» Required work
The reply is a verbatim copy of the listing below with its images dropped.

» Information supplied
=== Section Start ===

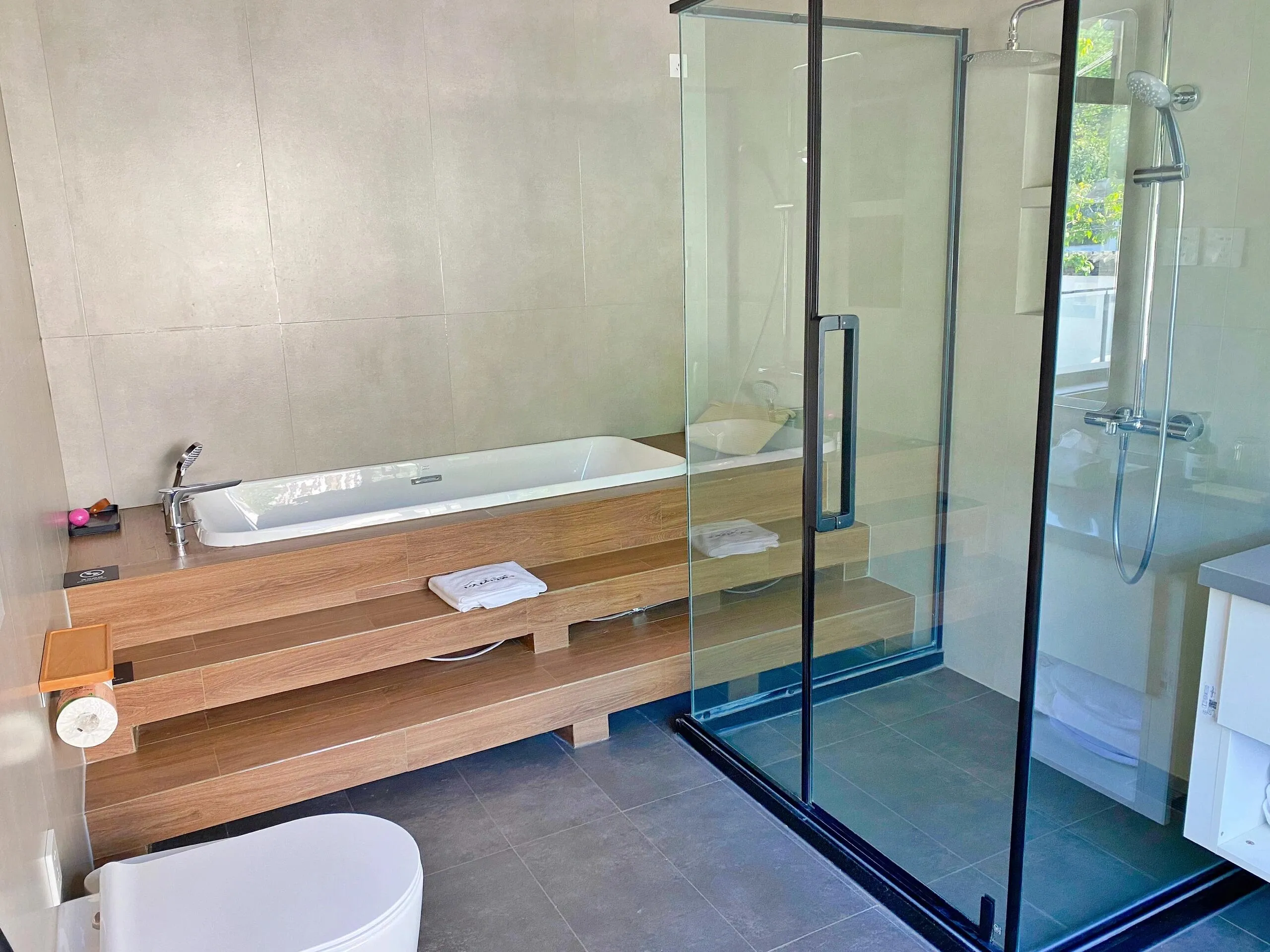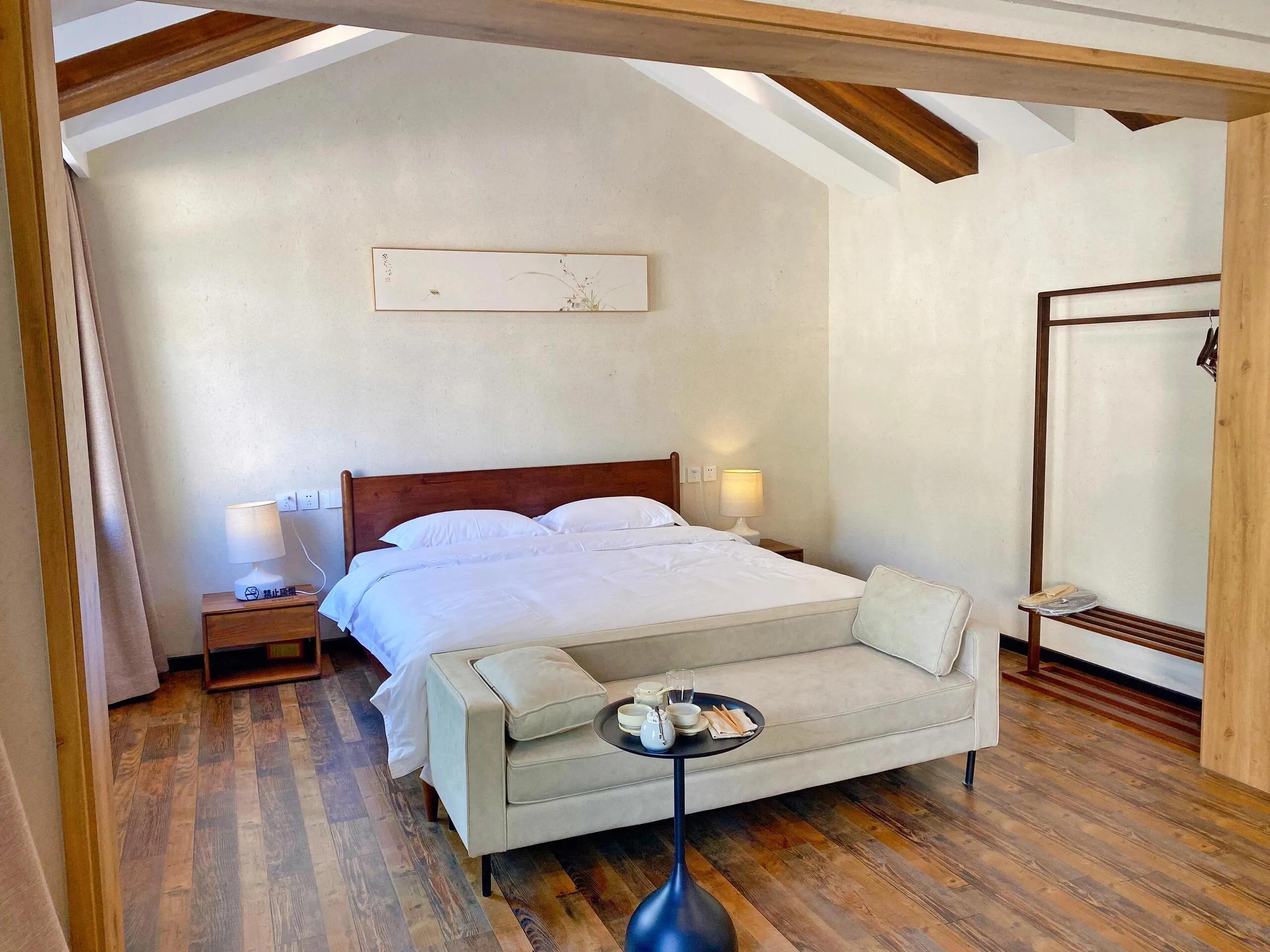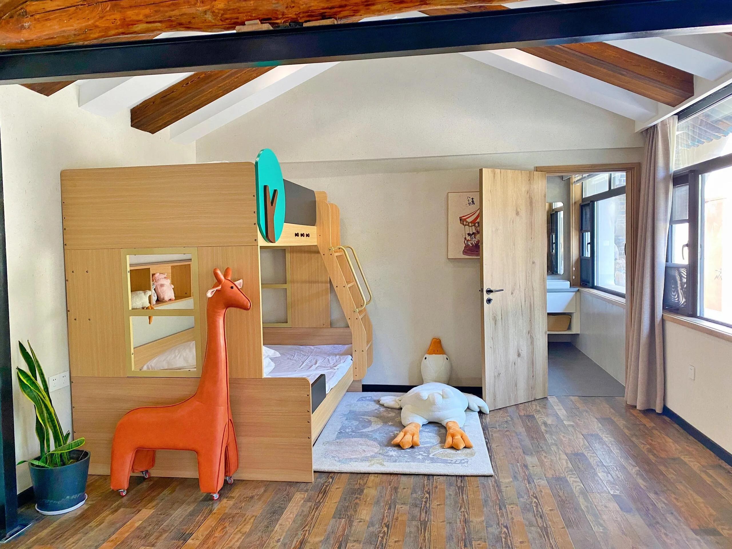 民宿共有6间不同功能的客房,包括景观房、亲子房、双床房、榻榻米房和庭院景观房。每间房都有其独特的风景,采用全实木装修,古朴中透着轻奢。以2号亲子房为例,50平米以上的空间配备了一张1.8米大床和一个1.5米高低床,轻松容纳两大两小。高支床品保证了极佳的舒适度,而配备的浴缸更是让泡澡成为一种享受,伴随着青蛙和昆虫的自然交响乐。
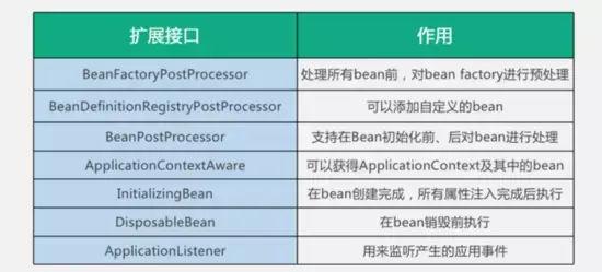 它扩展自BeanFactoryPostProcessor,在执行BeanFactoryPostProcessor的功能前,提供了可以添加bean definition的能力,允许在初始化一般bean前,注册额外的bean。例如可以在这里根据bean的scope创建一个新的代理bean。
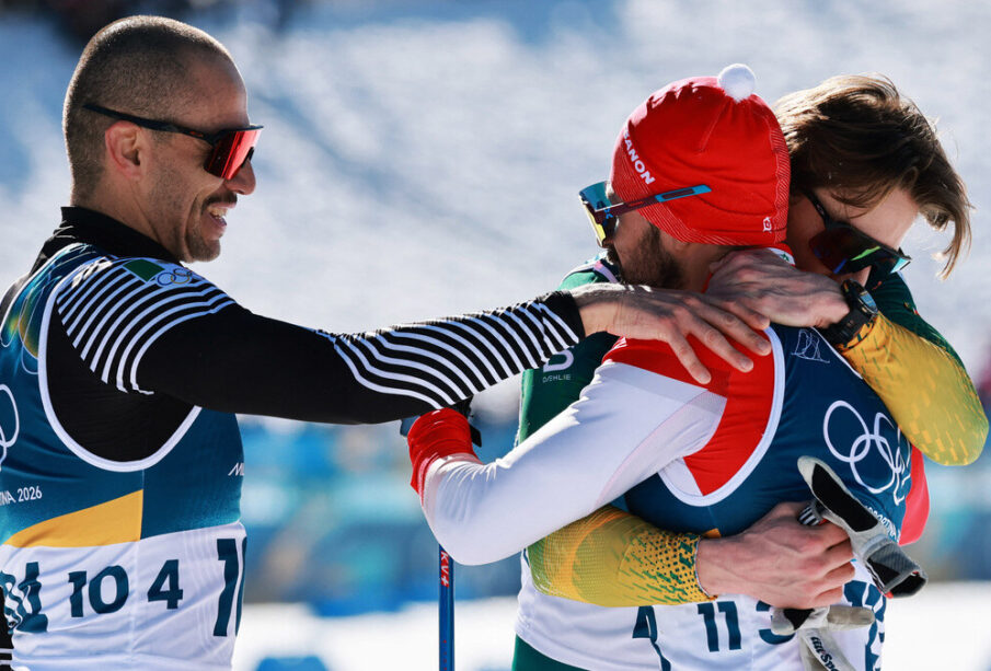 Milano Cortina 2026 Olympics - Cross-Country Skiing - Men's 10km Interval Start Free - Tesero Cross-Country Skiing Stadium, Lago, Italy - February 13, 2026. Matthew Smith of South Africa, Allan Corona of Mexico and Samer Tawk of Lebanon react after finishing REUTERS/Stephanie Lecocq
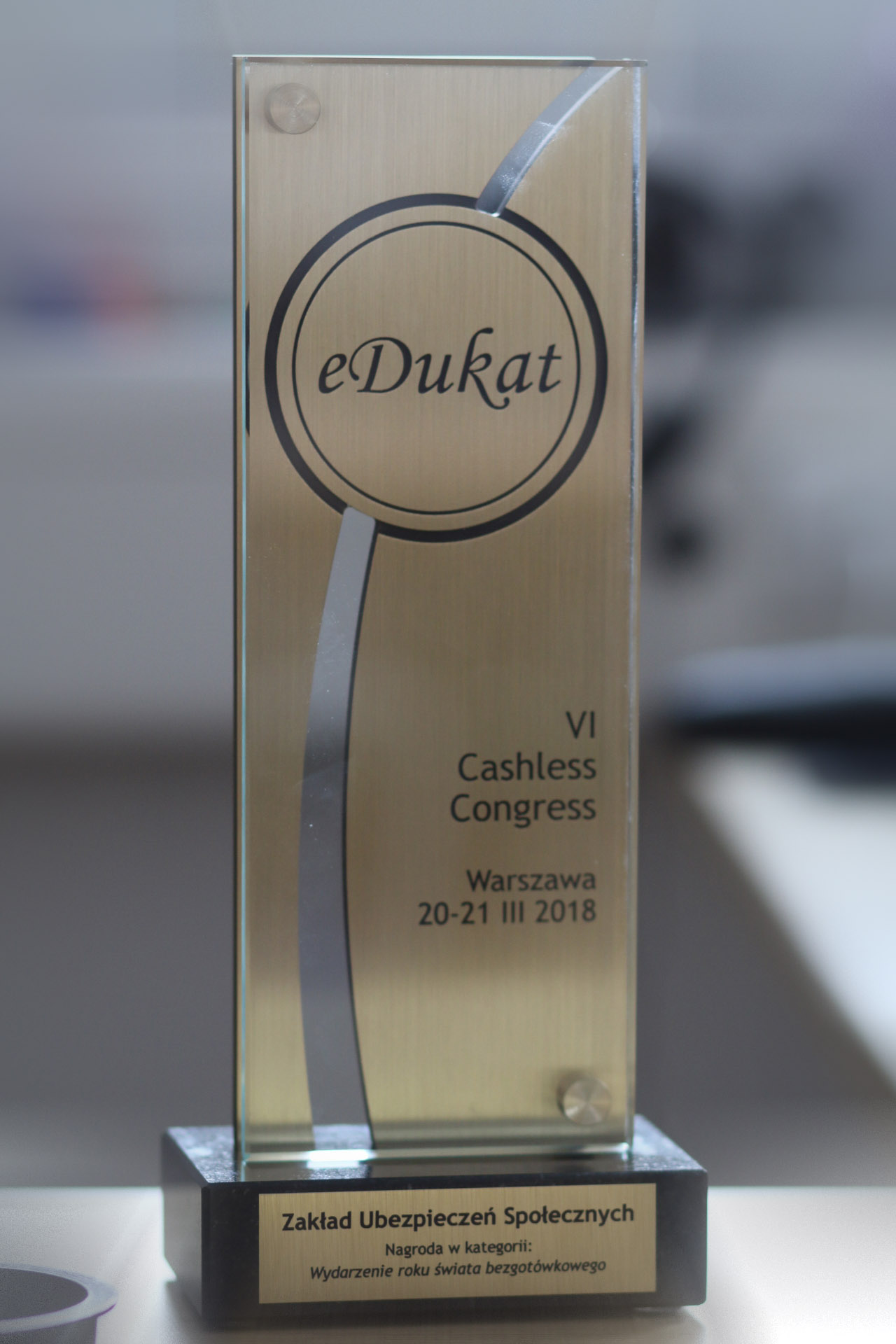 „W kierunku świata bezgotówkowego – zmieniająca się rola interesariuszy w ekosystemie płatności bezgotówkowych” – to wiodące hasło odbywającego się od 20 do 21 marca Międzynarodowego Kongresu Płatności Bezgotówkowych. Jednym z głównych wydarzeń kongresu było przyznanie specjalnych nagród: eDukatów. Są one przyznawane firmom oraz ekspertom zasłużonym dla rozwoju rynku płatności elektronicznych w Polsce. Zakład Ubezpieczeń Społecznych został nagrodzony złotym eDukatem w kategorii „Wydarzenie roku świata bezgotówkowego” za przygotowanie i uruchomienie e-składki, czyli indywidualnych numerów rachunków składkowych. Statuetkę w imieniu ZUS odebrał wiceprezes Paweł Jaroszek, który uczestniczył również w panelu otwierającym kongres.

=== Section End ===

» Answer to the exercise
 民宿共有6间不同功能的客房,包括景观房、亲子房、双床房、榻榻米房和庭院景观房。每间房都有其独特的风景,采用全实木装修,古朴中透着轻奢。以2号亲子房为例,50平米以上的空间配备了一张1.8米大床和一个1.5米高低床,轻松容纳两大两小。高支床品保证了极佳的舒适度,而配备的浴缸更是让泡澡成为一种享受,伴随着青蛙和昆虫的自然交响乐。
 它扩展自BeanFactoryPostProcessor,在执行BeanFactoryPostProcessor的功能前,提供了可以添加bean definition的能力,允许在初始化一般bean前,注册额外的bean。例如可以在这里根据bean的scope创建一个新的代理bean。
 Milano Cortina 2026 Olympics - Cross-Country Skiing - Men's 10km Interval Start Free - Tesero Cross-Country Skiing Stadium, Lago, Italy - February 13, 2026. Matthew Smith of South Africa, Allan Corona of Mexico and Samer Tawk of Lebanon react after finishing REUTERS/Stephanie Lecocq
 „W kierunku świata bezgotówkowego – zmieniająca się rola interesariuszy w ekosystemie płatności bezgotówkowych” – to wiodące hasło odbywającego się od 20 do 21 marca Międzynarodowego Kongresu Płatności Bezgotówkowych. Jednym z głównych wydarzeń kongresu było przyznanie specjalnych nagród: eDukatów. Są one przyznawane firmom oraz ekspertom zasłużonym dla rozwoju rynku płatności elektronicznych w Polsce. Zakład Ubezpieczeń Społecznych został nagrodzony złotym eDukatem w kategorii „Wydarzenie roku świata bezgotówkowego” za przygotowanie i uruchomienie e-składki, czyli indywidualnych numerów rachunków składkowych. Statuetkę w imieniu ZUS odebrał wiceprezes Paweł Jaroszek, który uczestniczył również w panelu otwierającym kongres.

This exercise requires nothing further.